Now OpenSSF is investing into the Rustls project to bring Rust's memory safety to the TLS and QUIC protocols. That's a good way to invest in improving the open source ecosystem, but normally I'd say it's mostly a benefit to the Rust community.
However, the project also has a lofty goal that could make it easier for existing apps to swap out OpenSSL for Rustls -- "We are also planning to implement a C-based OpenSSL compatibility layer so that OpenSSL consumers can easily switch to Rustls without needing to make major changes to their code or learn Rust."
Given OpenSSL's less than stellar API design, that would be an amazing feat and a significant step towards reducing memory safety vulns.
- Fixing For Loops in Go 1.22
I like this approach to programming language security. There's a common mistake Go programmers make in for() loops with how they reference and use loop iterator variables. The Go project even documented this in their common mistakes wiki.
However, the project didn't stop with just documenting a "don't do this, please" to programmers and shift left the blame and implementation errors onto them.
Instead, it's now changing how those variables are scoped in order to more closely match what programmers (incorrectly) assumed and desired the behavior to be. The change in behavior is easily managed, so old code can remain the old way and not suddenly be unstable because of a compiler change.
It's cool to see a language adapt to how it's used and programmers think it ought to be rather than a rigid adherence to how things must be.
- Security flaws in an SSO plugin for Caddy
We highlighted a bunch of Trail of Bits work last episode, so I don't want to overdo it this episode. But the list of security issues in this review reads like topic list for an intentionally vulnerable web app. The successes here are the move to a memory-safe language, investing in security audits, and being transparent about the results of those audits.

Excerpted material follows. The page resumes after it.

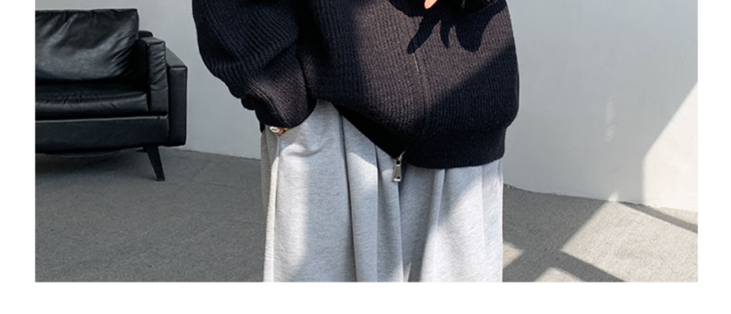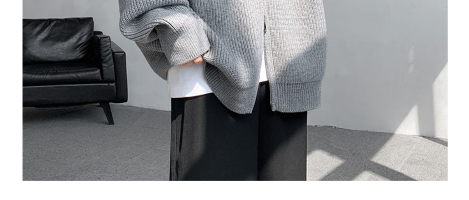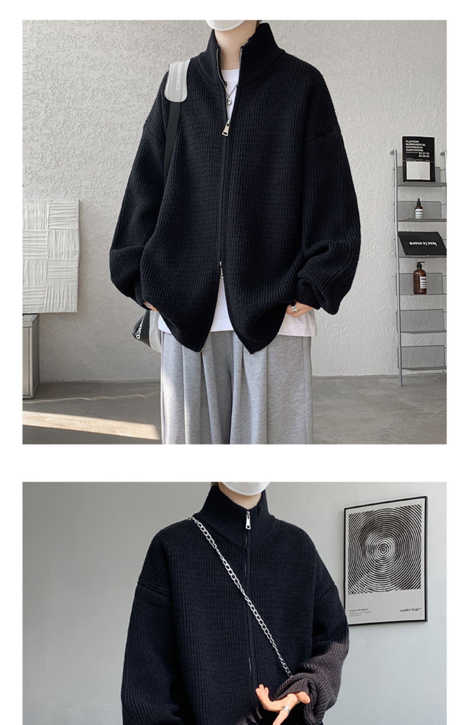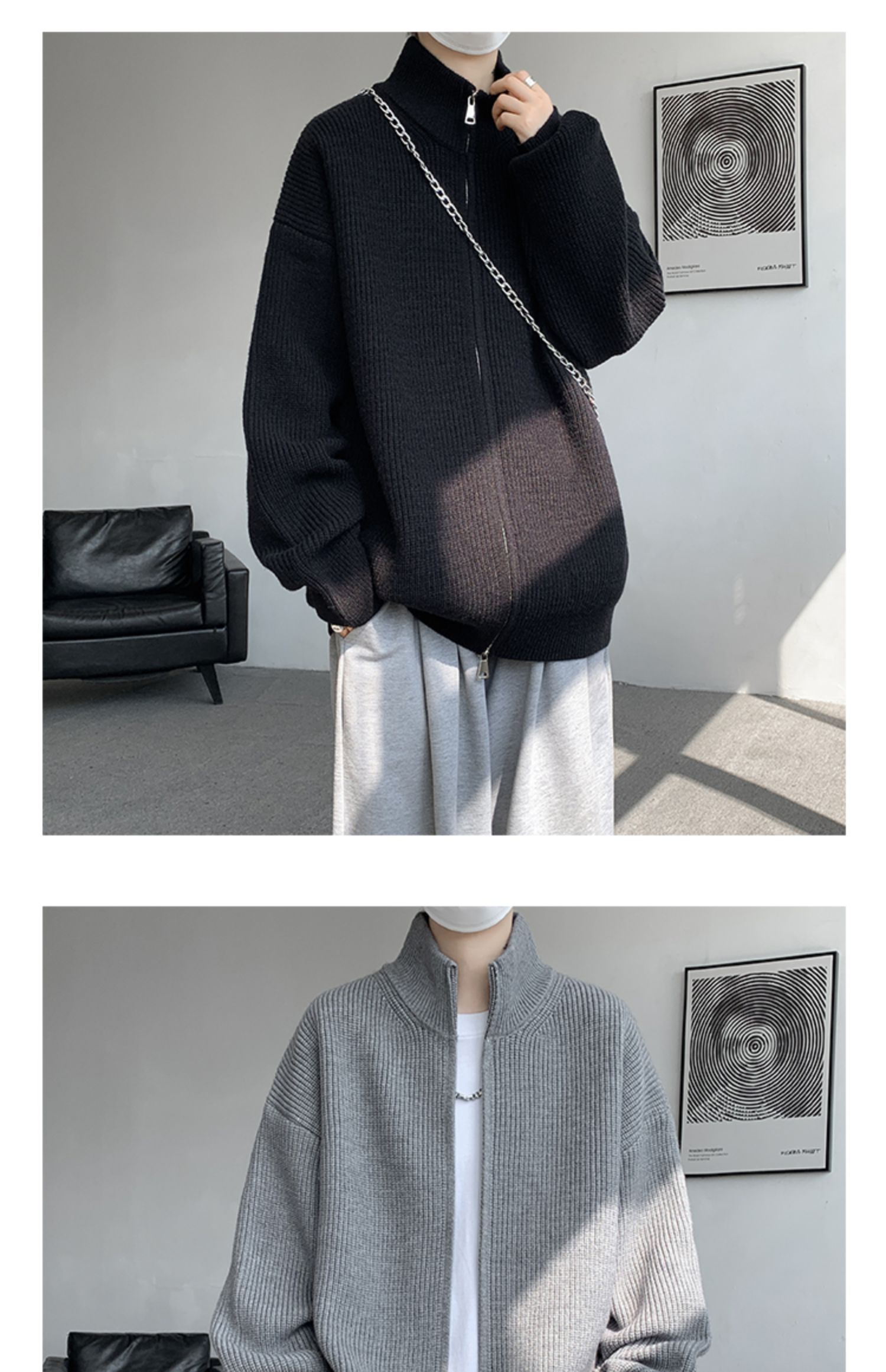 灰色拉鍊開衫毛衣外套男秋冬季潮流寬松痞帥男裝立領針織開衫夾克

- Is Complexity the Enemy of Security?
We've covered Phil's take on complexity and security before, but it's always a good subject to revisit.
This time I wanted to focus on item 9 in his argument about why bad design is the true enemy, not complexity. Number 9 is, "Reduce Error Messages and Guidance."

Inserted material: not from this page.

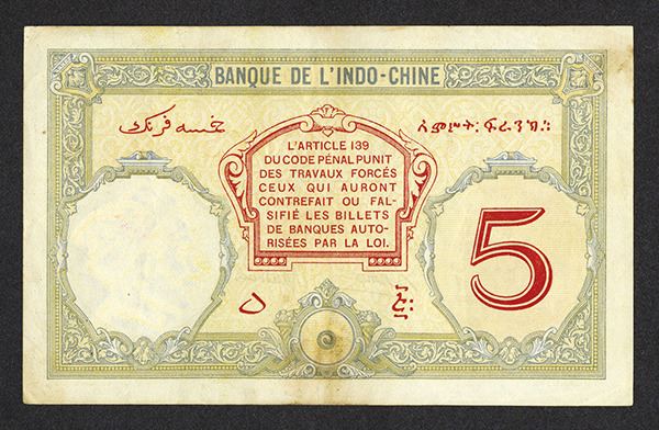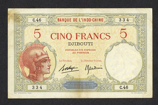 French Somaliland. 5 Francs. P-6b. Helmeted female head at lower left. Nice Very Fine, light paper tone.

I like this, of course, because it points out the anti-pattern of ever-increasing configuration and hardening guides. If those guides are getting bigger and bigger, maybe that's a sign the system's design is pushing too much decision-making onto a user. And that can be a sign of poor defaults, poor abstractions, and poor workflows.
- FYI: The WebP 0day
This is mostly intended for our readers who check out the show notes. First, thank you!
This is a follow up to the libwebp article that John highlighted last episode. It adds some interesting technical details and insights into exploiting the vulns.
John Kinsella
- RCE in Trend Micro endpoint things patched
It's not a vuln in the direct endpoint protection code, but a utility that uninstalls 3rd party AV software. Still...security companies shouldn't have RCEs.
- Gitlab vuln allows running pipeline as other users
Via scheduled security scan policies, a user could run pipelines as an arbitrary (gitlab) user. CVSS 9.6 feels a little high, then I realize I'm thinking of GL from my previous use as a single tenant. Multi-tenant, the severity of this becomes more clear...
- PHP + JunOS allows RCE on Juniper switches, firewalls
I think I already said this once today, but security devices shouldn't have RCEs.
I don't want to pick on PHP, but I'm going to pick on PHP. There's better languages to be coding security devices with that are faster, more secure, and have better tooling for performing static analysis.
- print(“lol”) doubled the speed of my Go function
I'm doing one of my non-security stories here, but I it serves a purpose: For the security peeps, think about how a change in code as small as this can have such an effect, and think about why developers will sometimes push back on your requests that seem to request trivial changes.
For the developers - as security people we talk about "avoiding surprise" - while this is a neat trick to improve performance, remember to at least document little hacks like this, or figure out a slightly less hackish way to squeeze out performance like this.